Mobile County Commissioner, District 1
- In office 2005–2007
- Preceded by: Sam Jones
- Succeeded by: Merceria Ludgood

Mobile County Commissioner, District 1
- In office 2008
- Preceded by: Merceria Ludgood
- Succeeded by: Merceria Ludgood

Personal details
- Born: 1961 or 1962 (age 63–64)
- Party: Republican

= Juan Chastang =

American politician

Juan H. Chastang (born 1961 or 1962) is an American politician in Mobile County, Alabama. He is notable for being the subject in the case of Riley vs. Kennedy, a case concerning Alabama election and appointment law which was taken on and ruled upon by the United States Supreme Court.

==Appointment to office==
In 2005, longtime County Commissioner Sam Jones was elected as Mayor of Mobile. This left a vacancy in the first district seat on the County Commission. Governor Bob Riley appointed Chastang, an African-American Republican, to serve out the remainder to the term in the heavily African-American and Democratic district. This was not the first time that Riley had appointed someone to local office in Mobile County. In 2004, Riley appointed Stephen Nodine to the 2nd District seat on the County Commission after he won the 2004 Republican runoff to succeed former commissioner Freeman Jockisch, who had been convicted on federal corruption chargers earlier that year. In 2006, Riley appointed Sam Cochran as Sheriff of Mobile County after he had won the Republican primary. The office had become vacant that year upon the conviction of former Sheriff Jack Tillman on charges of embezzlement. Chastang's appointment to the commission marked the first time since Reconstruction that Mobile had an elected governmental board in Mobile County was unanimously Republican, and the first time since Reconstruction in which a black Republican was holding elected office in Mobile County.

==County Commissioner==
The appointment of Chastang was greeted with criticism by the Mobile County Democratic Party and by the black political leadership of the city. Three black legislators who represented District 1 in the Alabama House of Representatives, Yvonne Kennedy, James Buskey and William Clark, proceeded to file suit alleging that the appointment of Chastang was a violation of a 1987 statute that allowed for special elections to fill vacancies in Mobile County offices. The crux of their case was that the governor did not have the right to appoint Chastang and as such his appointment was invalid.

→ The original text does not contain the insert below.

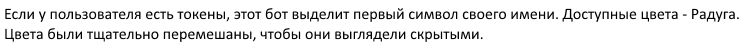 Si un usuario tiene tokens, este bot resaltará el primer carácter de su nombre. Los colores disponibles son Rainbow. Los colores se han mezclado cuidadosamente para que parezcan ocultos.

In 2007, Chastang came under criticism for using $50,000 of his personal discretionary fund (public money) to pay for a concert that was to be headlined by Ciara. The concert controversy came while Riley v. Kennedy was being adjudicated in district court. On May 1, 2007, a federal district court ruled in favor of Kennedy, Buskey and Clark and vacated the appointment of Chastang.A special election proceeded in which Democrat Merceria Ludgood, a political ally of Mayor Jones, defeated Chastang by a lopsided margin to fill the vacancy.

In May 2008, the decision of the federal court by the U.S. Supreme Court, which summarily ruled in favor of Riley. An order was later issued to return Chastang to the commission. The ruling came after the eligibility period for the 2008 election, meaning that, if Chastang got on the ballot, he couldn't be re-elected. Chastang returned to the commission where he served several months, before resigning in September 2008. In the November 2008 elections, Ludgood was returned to the commission seat.